Thursday, February 28, 2008

Thinking Outside the Casket

A guest blog on health reform from Research!America
The first 16 minutes of the Democratic presidential debate the other night were devoted to almost Talmudic hairsplitting between the two candidates over health care reform. But what if Sens. Obama, Clinton and McCain are asking and answering the wrong questions, especially since no candidate’s health plan has much chance of being enacted in whole, or even in part, by the next Congress?

Two new visions operating outside the traditional arenas in the health reform debates are worth looking at. In the Senate, liberal Democrat Ron Wyden of Oregon and conservative Bob Bennett of Utah, are organizing fairly impressive support for improving health and health care by requiring each side to swallow a big pill by ending employer-based health insurance and giving the money spent by the employer directly to the employee to be used in a heavily regulated universal insurance market place.

According to an analysis by writer Ezra Klein the politics may work out a lot easier if this bipartisan Senate-created plan is put on the agenda instead of one imposed by the winning presidential candidate.

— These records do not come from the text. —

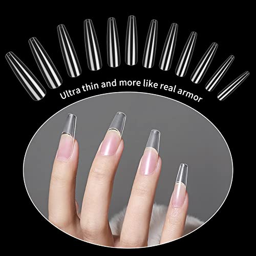 240 Pezzi Unghie Finte Trasparenti, Unghie A Trapezio Extra Lunghe, Copertura Completa Press On Nails, Unghie A Ballerina, Punte Unghie Francesi Copertura Completa per Manicure Salone Fai da Te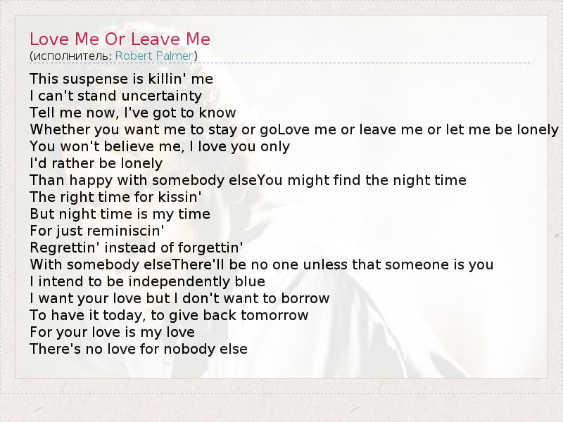 А как ты думаешь, о чем песня "Love Me Or Leave Me" ?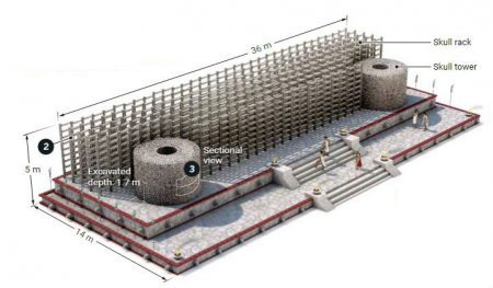 В общей сложности в двух башнях и стойке было выставлено несколько тысяч черепов. За два сезона раскопок ученые нашли 180 целых черепов и тысячи фрагментов.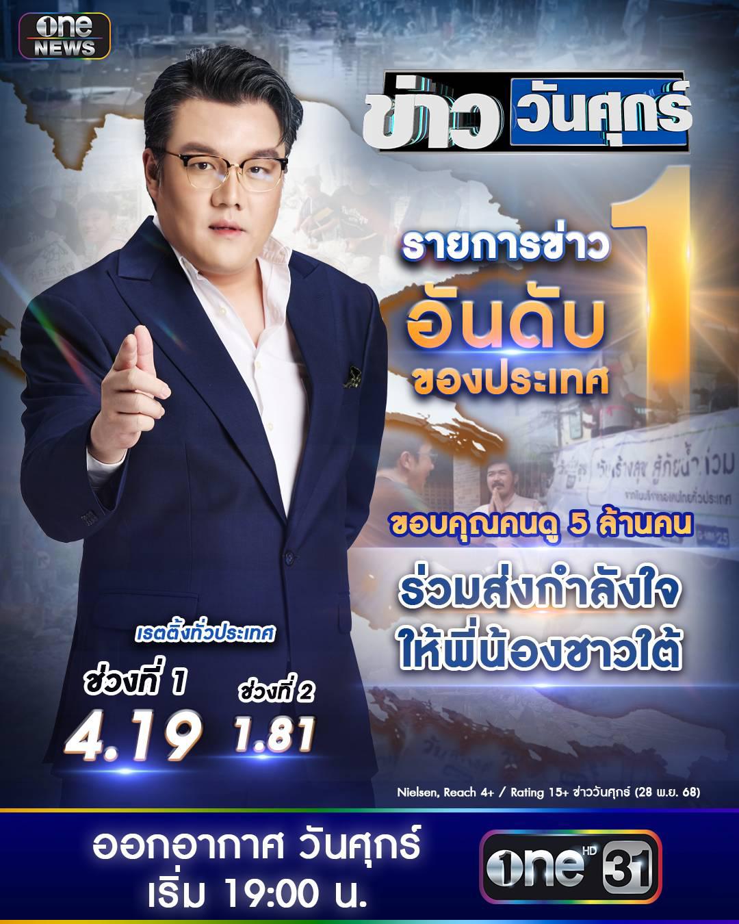 เรตติ้งข่าววันศุกร์(One31) ได้ไป 4.2 ส่งขึ้นเป็นรายการข่าวอันดับ 1 ของประเทศ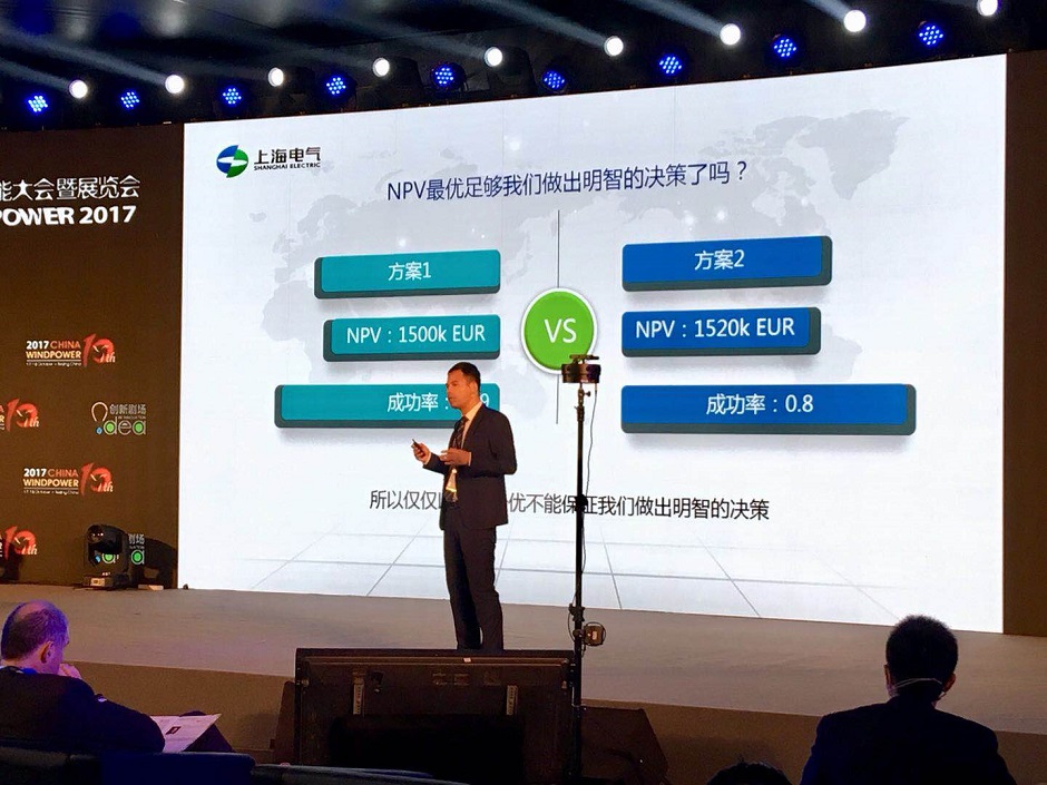 實際上在風(fēng)機開發(fā)過程中我們知道是面臨很多風(fēng)險的問題,所以包含了很多風(fēng)險決策的問題,這個是講的很籠統(tǒng)的,所以用這個方法可以應(yīng)用到各種風(fēng)險決策的上面,比如說我們開發(fā)一個新的風(fēng)機,我們可能有兩個選項,用以前小的風(fēng)機進行擴容,也可以重新完全開發(fā)一個新型的風(fēng)機,新型的風(fēng)機我相信它的性能更高、產(chǎn)出更高,但是代價和風(fēng)險更大,這個時候如果這樣去做,我們可以科學(xué)的選擇哪一個方案更佳。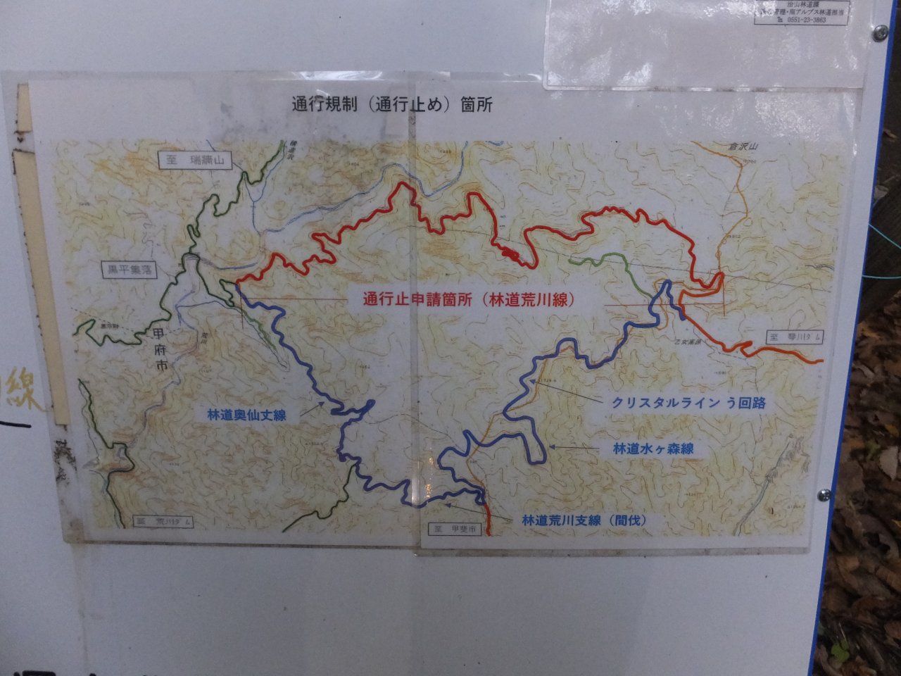 帰宅してからじっくり見てみたら、やっと理解できたけど、通行止めの看板があった場所は、地図にはなく「至 瑞穗山」の先。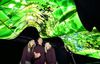 LG전자 부스 입구에서는 OLED 플렉서블 사이니지 200여 장으로 구성된 조형물이 관람객들을 맞이한다. |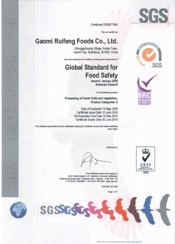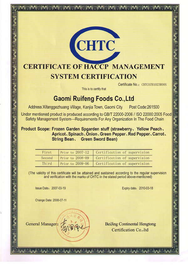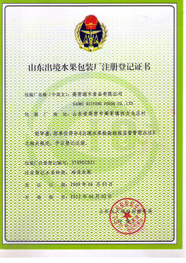 • 冷凍水果加工廠注冊證書

The other new idea comes today from the Robert Wood Johnson Foundation, which has put together a commission headed by Republican Mark McClellan, former head of the FDA and CMS and (a member of the Research!America board of trustees, and Democrat Alice Rivlin, former director of the Office of Management and Budget. The Commission to Build a Healthier America will investigate how factors, such as education, environment, income and housing, shape and affect personal behavioral choices.

The Foundation will have as a starting point a new report from RWJF, “Overcoming Obstacles to Health,” describing the current health profile of Americans and looking specifically at how education, income, race and ethnicity play a role in Americans' health.